The kid looked at him, his face turned even more pale. He licked his lips, and he seemed to be lowering the paper bag.

And then there were pops, one after the other, five or six of them, sounding like Chinese firecrackers.

'Oh, shit!' Dutch Moffitt said, more sadly than angrily.

The glass front of the cashier's stand slid with a crash to the floor, and there was an eruption of liquid and falling glass in the rows of liquor bottles in the service bar.

Dutch grabbed the skinny blond kid by the collar of his zipper jacket and threw him violently across the room. Then he took three steps to the door of the diner. He pushed it open with his shoulder, and went through it; and then he was holding his pistol in both hands, taking aim; and then he fired, and again and again.

The noise from his pistol was deafening, shocking, and Louise heard a woman yelp, and someone swore.

The skinny blond boy came running down the aisle. She got a good look at his face. He looked sick.

Louise pushed herself off her chair and ran down the aisle to the cash register.
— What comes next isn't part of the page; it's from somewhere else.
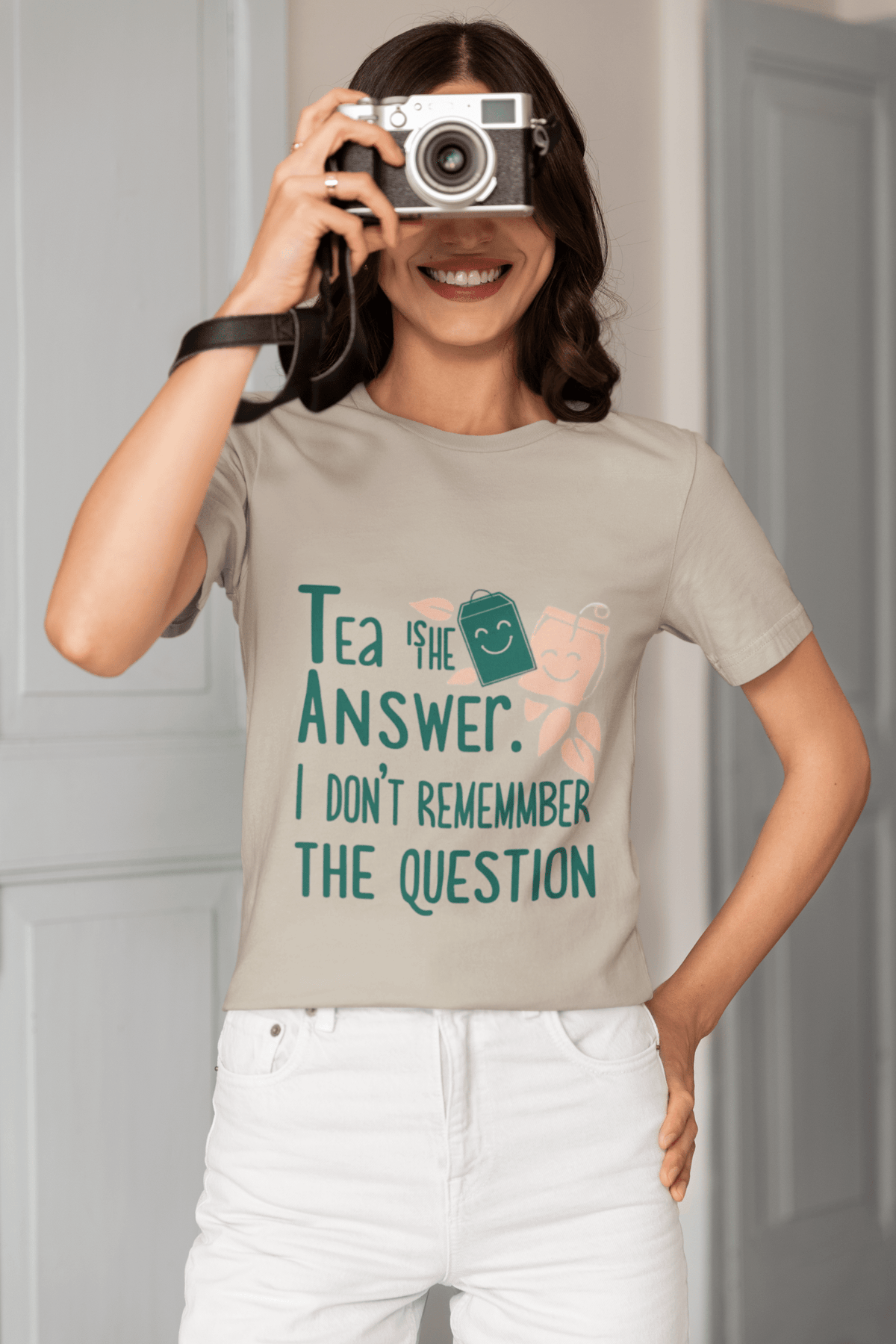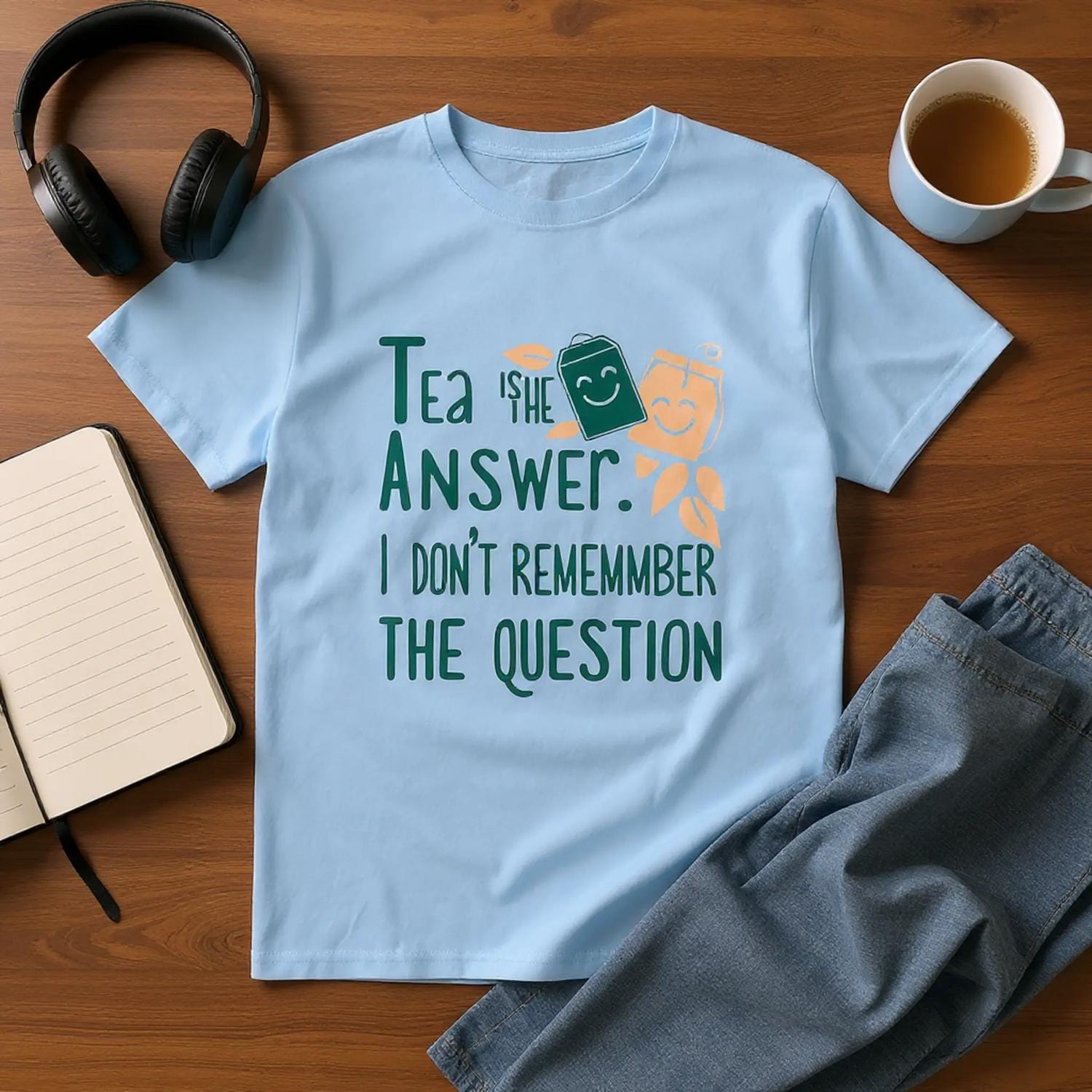 This lighthearted T-shirt is perfect for every tea enthusiast who knows that a good cup makes everything better—even if you’ve forgotten what you were worrying about in the first place!

Dutch was outside, on his knees beside a form on the ground. Louise thought it was another blond boy, but then Dutch turned the body over on its back and she saw lipstick and red, round-framed women's eyeglasses.

'He ran into the restaurant,' Louise screamed. When there was no response from Dutch she screamed his name, and got his attention, and, pointing, repeated, 'He ran into the restaurant. The blond boy.'

He got up and walked quickly past her. She followed him.

The Greek proprietor came up.

'He ran through the kitchen, the sonofabitch,' he reported.

Dutch nodded.

He put his pistol back in its holster and fished the cashier's telephone from where it had fallen, onto the cigars and foil-wrapped chocolates, when the glass counter had shattered.

He dialed a number.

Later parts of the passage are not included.